What the task requires
Every entry must be repeated exactly. Exclude all pictures.
┌──
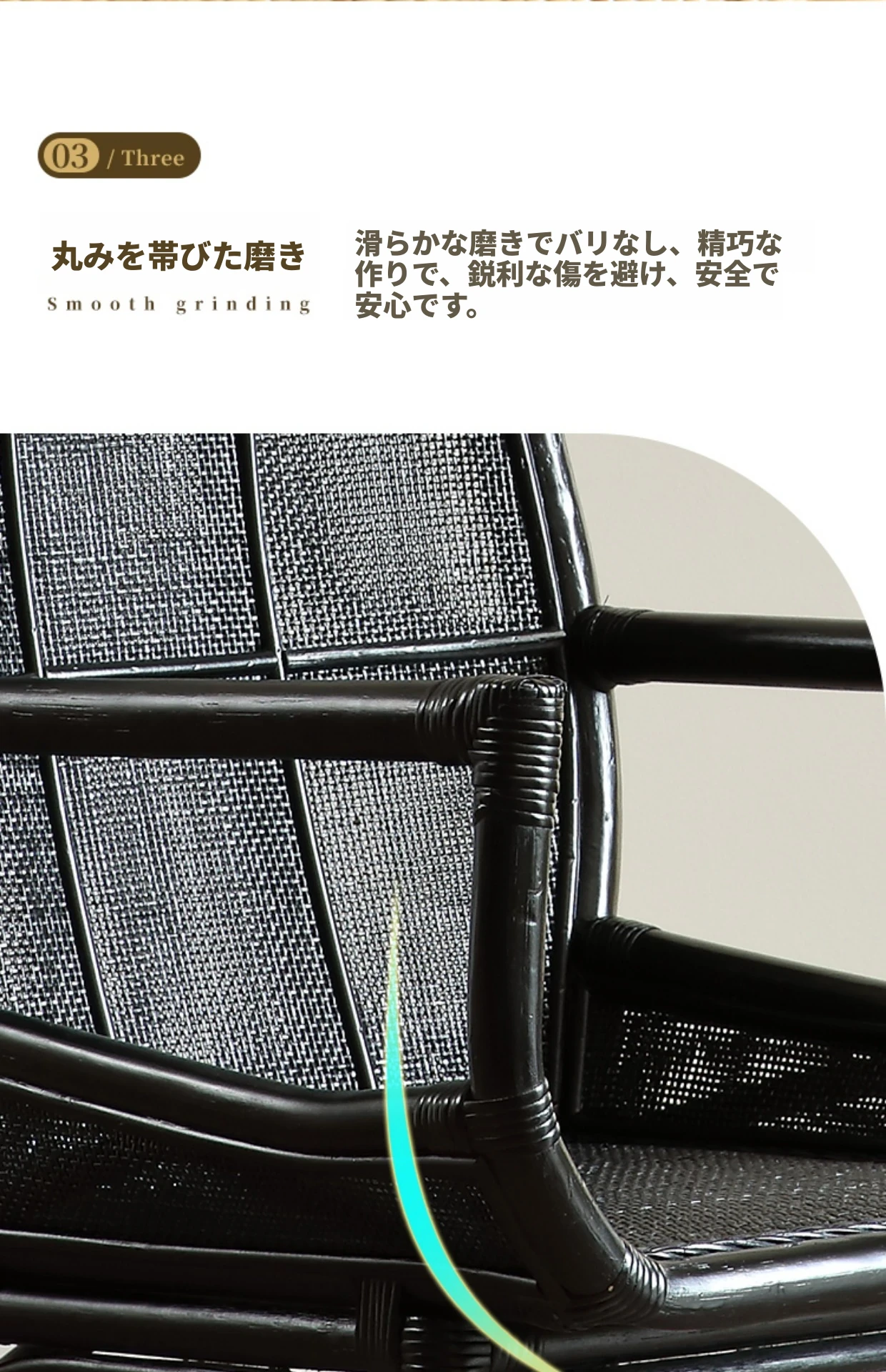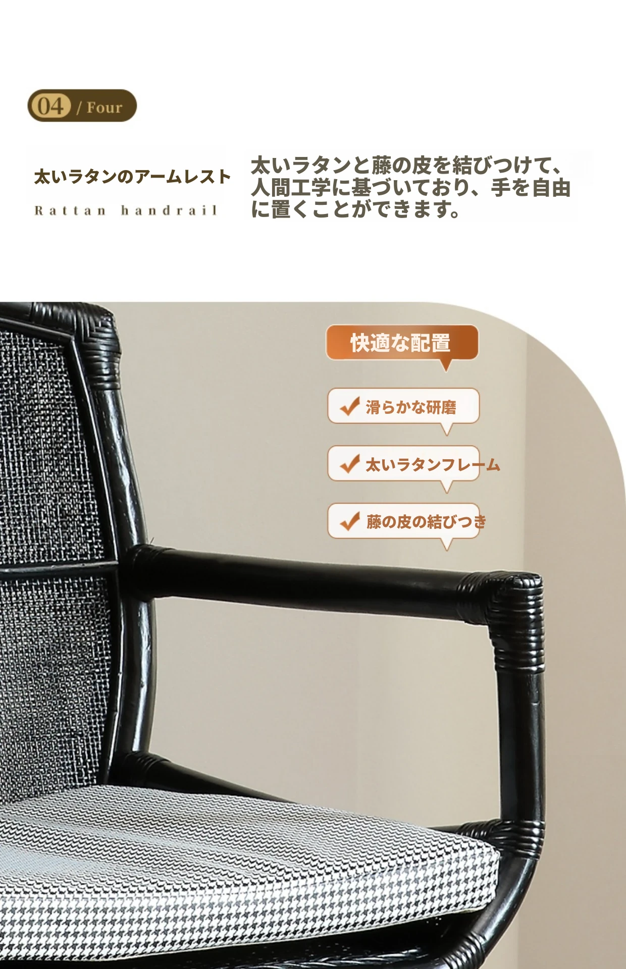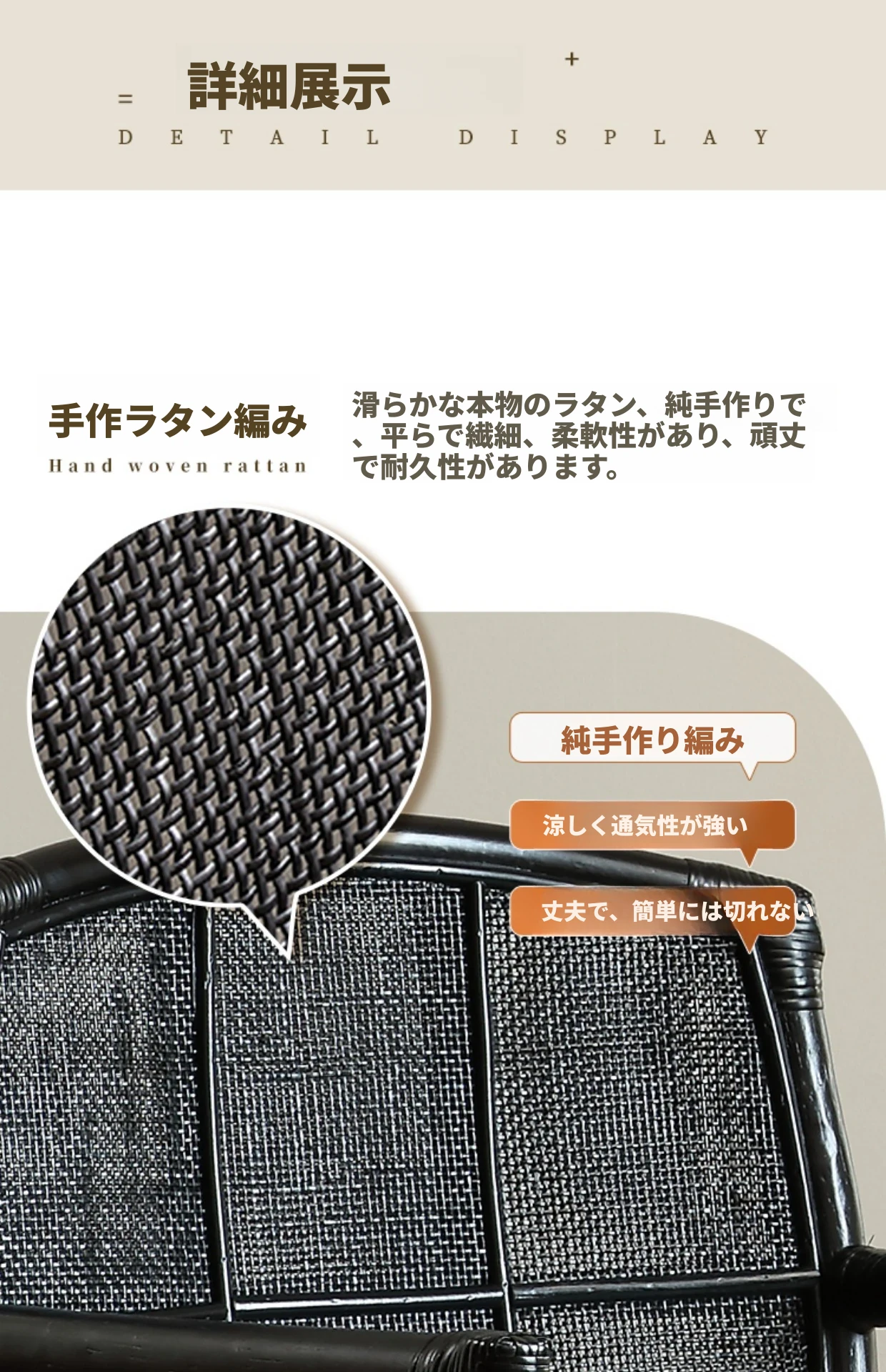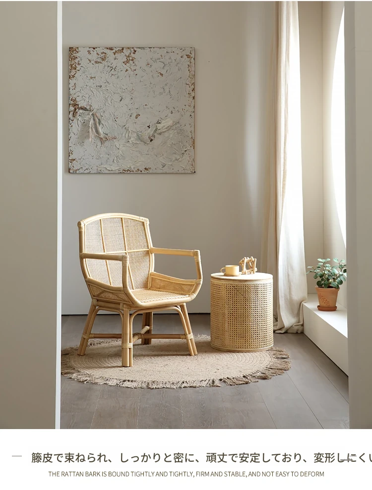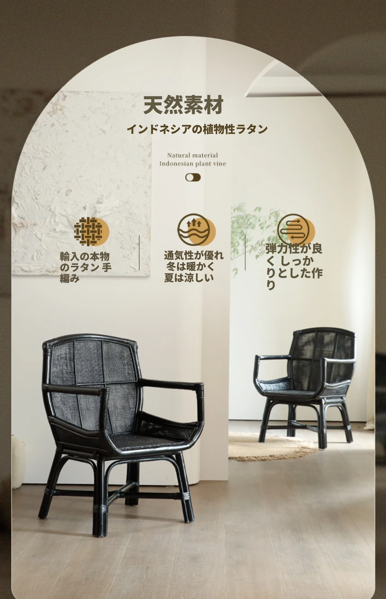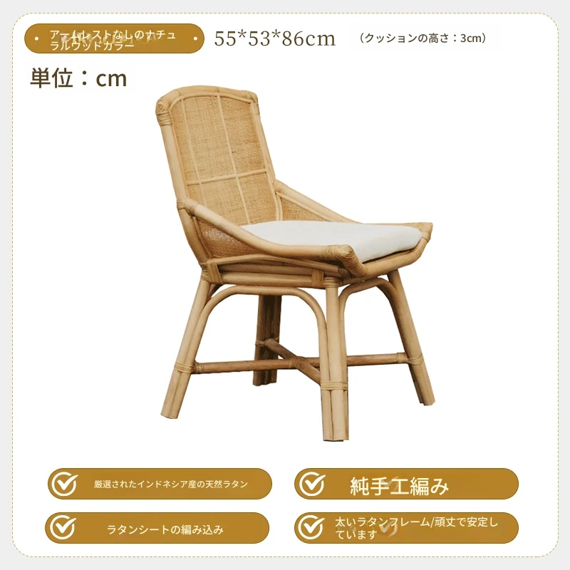 インドネシア製ラタン編みの真藤椅子3点セット - バルコニーでのリラックスに最適な茶卓と椅子のコンビネーション!シンプルで美しい侘寂風デザインの一人用無垢材椅子で、あなただけのくつろぎ空間を演出します。
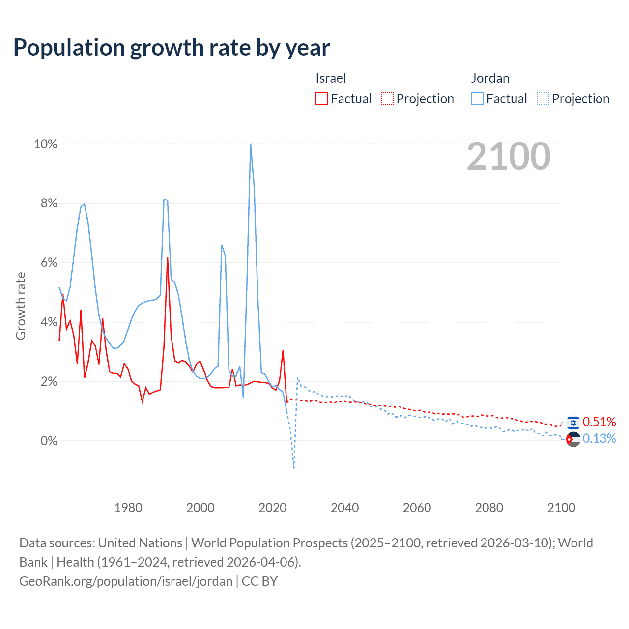 - For the last 10 years, Israel has had an average growth rate of +1.96% per year vs +3.45% in Jordan.
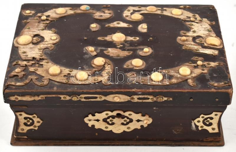 Vegyes bizsu tétel, 13 db, közte 4 db nyaklánc, benne ásvány nyaklánc is, 1 karkötő, 4 db medál, az egyik sérült, 2 pár fülbevaló, 2 tű sérült fadobozban.
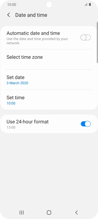 Press the indicator next to "Automatic date and time" to turn on the function.
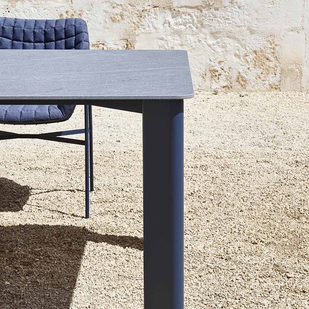 Table de jardin en aluminium avec plateau en hpl ou en céramique bouchardée Made in Italy.
└──
Output for this exercise
 インドネシア製ラタン編みの真藤椅子3点セット - バルコニーでのリラックスに最適な茶卓と椅子のコンビネーション!シンプルで美しい侘寂風デザインの一人用無垢材椅子で、あなただけのくつろぎ空間を演出します。
 - For the last 10 years, Israel has had an average growth rate of +1.96% per year vs +3.45% in Jordan.
 Vegyes bizsu tétel, 13 db, közte 4 db nyaklánc, benne ásvány nyaklánc is, 1 karkötő, 4 db medál, az egyik sérült, 2 pár fülbevaló, 2 tű sérült fadobozban.
 Press the indicator next to "Automatic date and time" to turn on the function.
 Table de jardin en aluminium avec plateau en hpl ou en céramique bouchardée Made in Italy.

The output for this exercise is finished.